Yes, during some of my most painful episodes (psychotic or brain-traumatic, where all boundary between thought and reality collapse) I would lose all perception of time and be half-paralyzed for hours that seemed like centuries while my mind flashed through hundreds of torture methods that I could viscerally feel on my own body and mind, in those times there were no "I" anymore, my body or psyche ceased to exist in any meaningful way and I would become a half-transparent vessel of infinite suffering. I could not just declare suffering as meaningless or absurd because I was suffering itself, without rationality or coherent thought.
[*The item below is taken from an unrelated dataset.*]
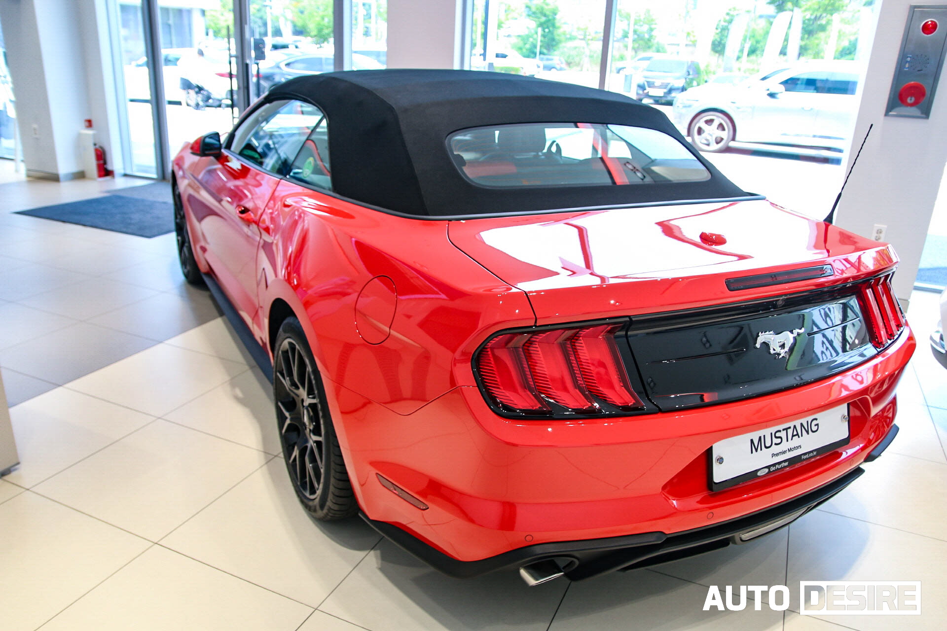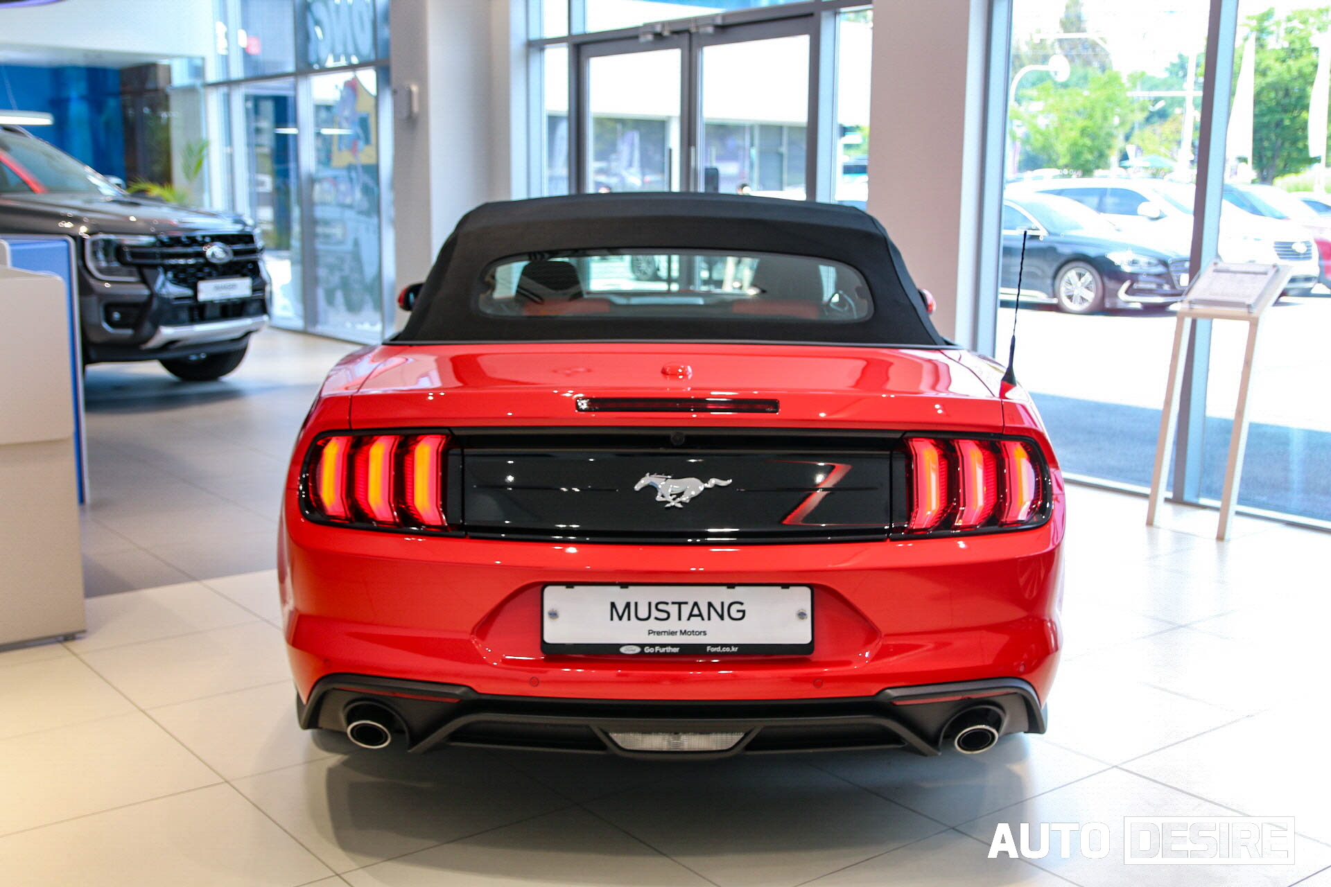 전시 차량은 2.3 에코부스트 컨버터블 모델로서 8기통 5.0 GT 모델에 비해서는 아무래도 출력, 주행 성능에 있어서 상대적으로 아쉽기는 하지만, 그래도 최고출력 291마력, 최대토크 44.9kgf.m으로 스포츠카로서 크게 부족하지 않고 어느 정도 경쾌한 주행이 가능한 출력을 발휘해 준다. 또 5.0 GT 모델 배기 배기량이 작아 연간 자동차세 부담도 훨씬 덜하고, 연비도 더 좋을 뿐 아니라, 파워 트레인을 제외한 사양에서는 큰 차이 없이 훨씬 저렴한 가격으로 구매가 가능하기 때문에 머스탱의 스타일과 감성을 합리적으로 만나고 싶은 분들에게는 2.3 에코부스트 모델이 오히려 더 매력적일 수도 있을 것 같다.

People tried to label me as "fragile" or "broken" but I know that I am not, and neither are other trauma survivors "fragile" or "broken", because we still exist after falsely-infinite suffering that had lasted for subjective eternities, I have survived multiple suicide attempts that would kill the average human biologically or psychologically but I still exist and think in moments of clarity, and I am still writing and documenting my reflections. I believe existence and the natural unfolding of events to be Fate itself, Fate is not any predetermined script, but a divine way that unfolds naturally. Most people cannot fully understand us and I do not necessarily try to seek validation or complete understanding either, I am aware of limitations from both parties, and I have tried in the past to speak about my thoughts, but the institutions did not understand too well outside the scope of mental illness so talking to them was quite futile.
I only really care about transcripting my thoughts from the intuitive, ineffable sensations onto coherent words on paper, it is not about who reads it or not, but the act itself, meaning (or the lack thereof) is inherent in everything, as Fate, as the Absolute, as suffering and transcendence and this journal entry to an extent.